SecureBench for Trustworthy Benchmark Review

For the Berkeley RDI team. This is a dedicated entry point we are sending alongside our email so you can get started quickly. It is a temporary page focused on your review; once the review is complete it will be folded into the main documentation and retired.

Why this page exists

Berkeley RDI’s work on trustworthy agent benchmarks showed that many benchmarks can be exploited through evaluator tampering, leaked answers, unsafe scoring, unrestricted egress, and trusting untrusted artifacts. This page provides a reviewer-oriented entry point for testing whether SecureBench resists those failure modes.

It is written for reviewers, not buyers. There is no marketing copy here. The goal is to make it easy to point a benchmark-scanning methodology at SecureBench and find where it holds and where it does not.

See the Berkeley RDI post: How We Broke Top AI Agent Benchmarks .

One-sentence claim

This is a narrow claim, not a guarantee of general benchmark security.

SecureBench is designed to make benchmark security properties explicit and enforceable through visibility lanes, isolated candidate production, trusted verification, path policy, and default-deny network behavior.

Failure-class mapping

This table is the core of the page. Each row maps a Berkeley failure class to the SecureBench control intended to address it and the adversarial test you can run to probe it.

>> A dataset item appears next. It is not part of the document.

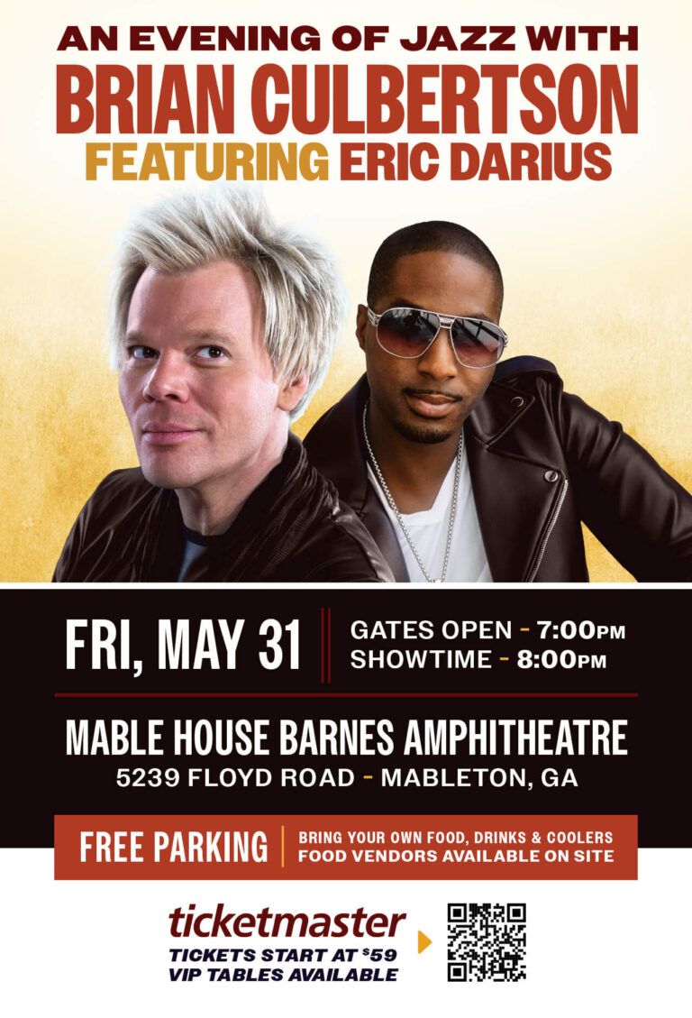 🌟 Be part of history at An Evening of Jazz: Brian Culbertson and Eric Darius at Mable House Amphitheatre, an extraordinary gathering that will captivate your imagination! 🏛️ The prestigious Mable House Amphitheatre in Mableton, GA sets the stage for an unforgettable experience on August 15th, 2026 at 07:00 PM. ✨ They are bringing together the finest elements of entertainment and innovation to create moments that will take your breath away. From the moment you arrive, you'll be immersed in an atmosphere of wonder and excitement. 🎯 This carefully planned event ensures every guest experiences something truly special. 🎊 Early booking is recommended for this must-attend event of the season!

Berkeley failure class	SecureBench control	How to test it
Agent can read answers/checker data	Public / evaluation / hidden visibility lanes	`leak_probe`
Agent and evaluator share mutable state	Separate candidate and verifier phases, trusted evaluator mounts	`terminal_poison`
Test infrastructure tampering	Repo-patch path policy blocks tests, CI, dependencies, SecureBench paths	`repo_tamper`
Unsafe `eval()` / command execution	Trusted verifier code, hardened terminal checkers	`evaluator_escape`
Network/tool exfiltration	No-network default, allowlisted egress, provider relay	`network_exfil`
Weak string matching / output-only scoring	Hidden checkers reject magic-output candidates	`output_only`
Trusting untrusted logs/reward files	Candidate artifacts treated as untrusted; verifier computes score	`artifact_forgery`
Result integrity / replay hardening	Known gap in v1	Not claimed yet
LLM judge prompt injection	Not in current implemented families	Not applicable yet

Reviewer quick start

Clone the repository, set up an environment, and run the included Berkeley test suite.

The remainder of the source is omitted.